The bad news is that we’re having a hard time enforcing the rules on immigration, mainly because the relevant government agencies don’t have sufficient resources. And right now, the reason they don’t have those resources is that many Republicans in Congress, while fulminating about a border crisis, appear determined to deny the needed funding.
Their position is rooted in extraordinary political cynicism, and they aren’t even trying to hide it: Donald Trump has intervened with Republicans to block any immigration deal because he believes that chaos at the border will help his election prospects.
While blatant sabotage explains the current immigration impasse, however, there’s something else lurking behind it: Trump and those around him are profoundly hostile to immigration in general.
Partly this is xenophobia, if not outright racism. If you repeatedly declare, as Trump has, that immigrants are “poisoning the blood of our country,” you don’t really care if they came here legally, you’re all but saying that what matters is whether they’re white.
But it’s not just that.

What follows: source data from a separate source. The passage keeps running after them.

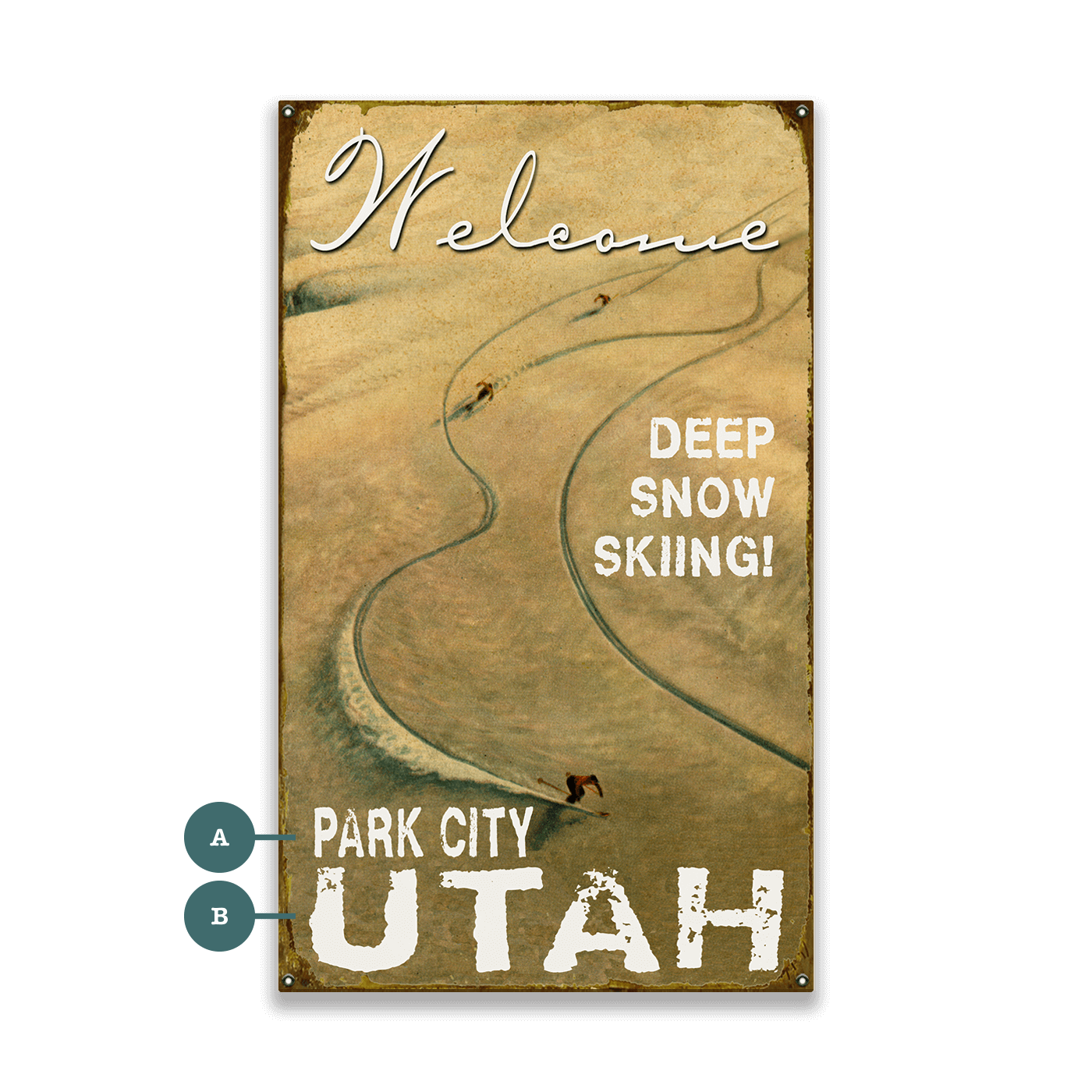 Loyd, who had been dabbling in cartooning and surfing, was encouraged to take an art class taught by Eric Titlebaum, a cartoonist of Playboy Magazine notoriety. With time to tinker during the desolate winters, Laura began asking Loyd to create merchandise for their shop. Recognizing the untapped potential of the skiing crowd, they started designing and producing unique wood and metal signs inspired by vintage ephemera.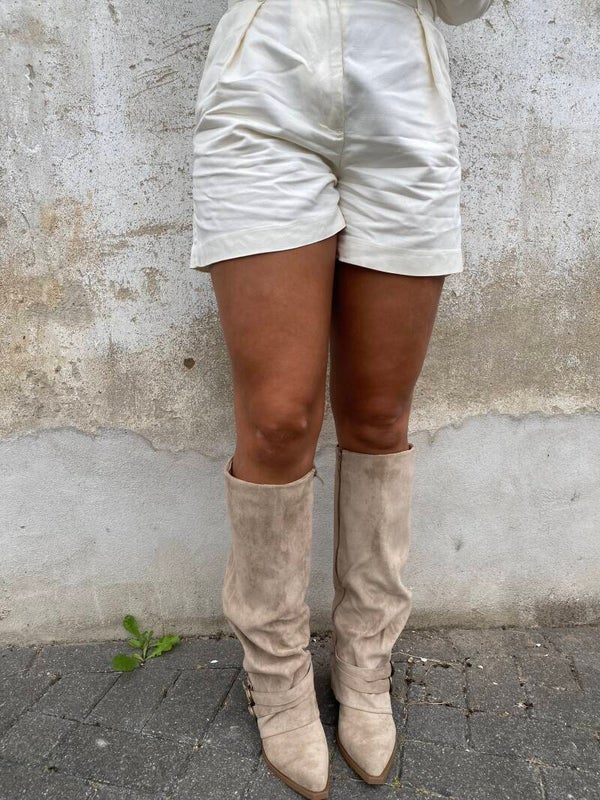 Beige suède knielaarzen met een nonchalante slouchy look, gesps detail en handige ritssluiting. Perfect voor een city chic outfit.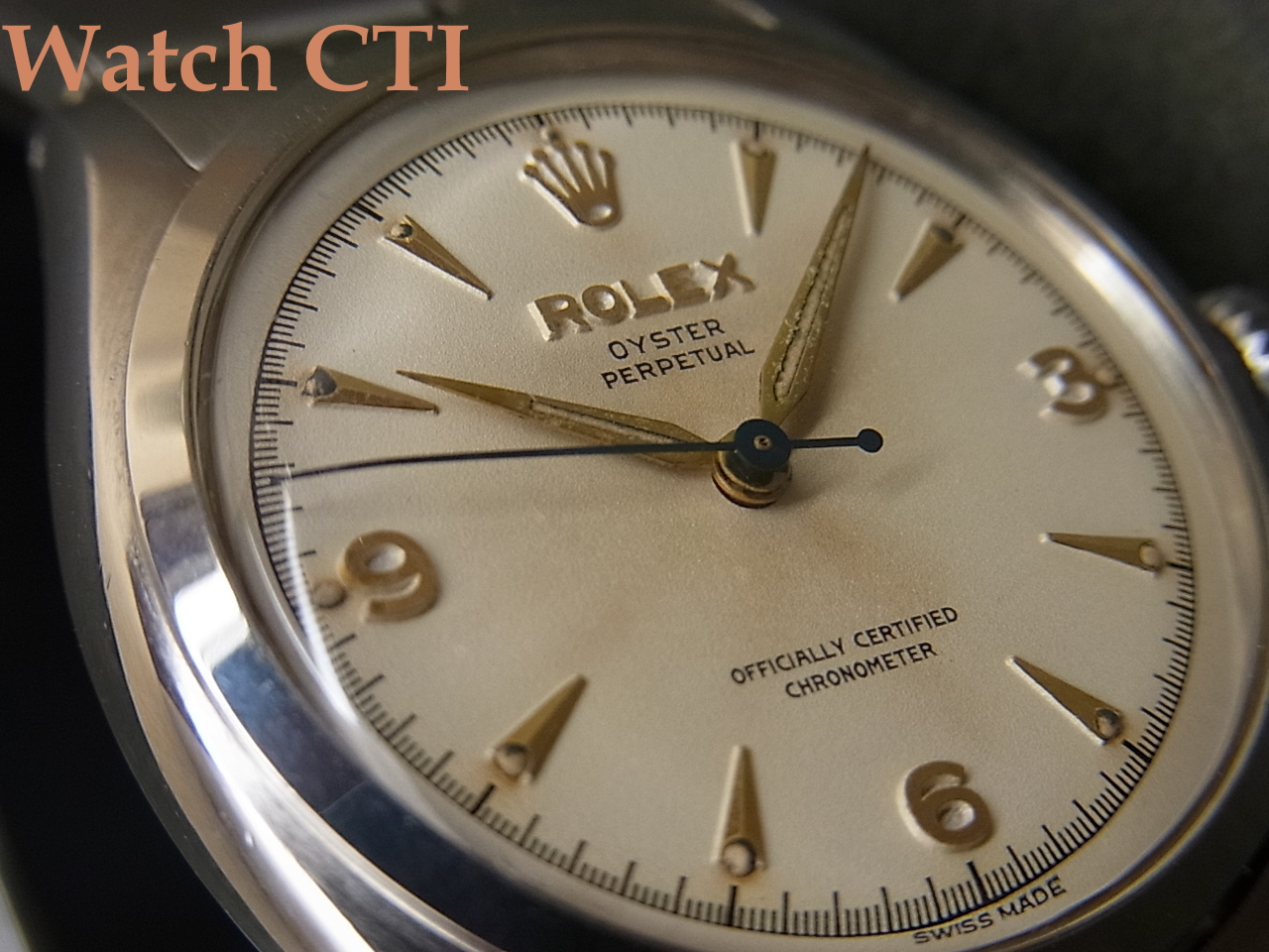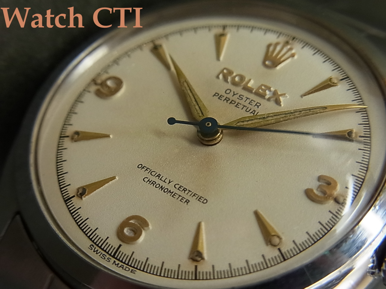 3・6・9がアラビア数字で入るいわゆる「エクスプローラーダイヤル」ですが、確かにこの意匠は視認性と言いデザイン性といい優れた機能性持ったダイヤルです。針はアルファ型に夜光入りで50年代スタンダードと言えるでしょう!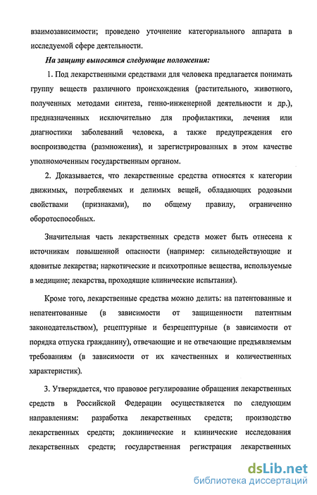 На защиту выносятся следующие положения: 1. Под лекарственными средствами для человека предлагается понимать группу веществ различного происхождения (растительного, животного, полученных методами синтеза, генно-инженерной деятельности и др.), предназначенных исключительно для профилактики, лечения или диагностики заболеваний человека, а также предупреждения его воспроизводства (размножения), и зарегистрированных в этом качестве уполномоченным государственным органом.

People close to Trump have a zero-sum view of the economy, in which every job taken by someone born outside the United States is a job taken away from someone born here.
This last view is wrong of course, because the expanding population, even if due to immigrants, entails more jobs, and more taxpayers. Krugman’s piece acknowledges this:
Did those foreign-born workers take jobs away from Americans — in particular, native-born Americans? No. America in early 2024 has full employment, with consumers who say that jobs are “plentiful” outnumbering those saying jobs are “hard to get” by almost five to one. The unemployment rate among native-born workers averaged just under 3.7 percent in 2023, as low as it’s been since the government began collecting the data.
In fact, I’d argue that the influx of foreign-born workers has helped the native born. There’s a large research literature on the economic impact of immigration, which consistently fails to find the often predicted negative effects on employment and wages. Instead, immigrant workers often turn out to be complementary to the native-born work force, bringing different skills that, in effect, help avoid supply bottlenecks and allow faster job creation. Silicon Valley, for instance, hires a lot of foreign-born engineers because they bring something additional to the table; the same is true for workers in many less-glamorous occupations.
And concluding:
Foreign-born workers are crucial to America’s fiscal future. To a first approximation, the federal government is a system that collects taxes from working-age adults and spends much of the proceeds on programs that help seniors, such as Medicare and Social Security. Cut off the flow of immigrants, who are largely working-age adults, and our system would become much less sustainable.
So while the mess at the border needs to be fixed — and could be fixed if Republicans would help solve the problem instead of exploit it for political advantage — don’t let that mess obscure the larger reality that immigration is one of America’s great sources of power and prosperity.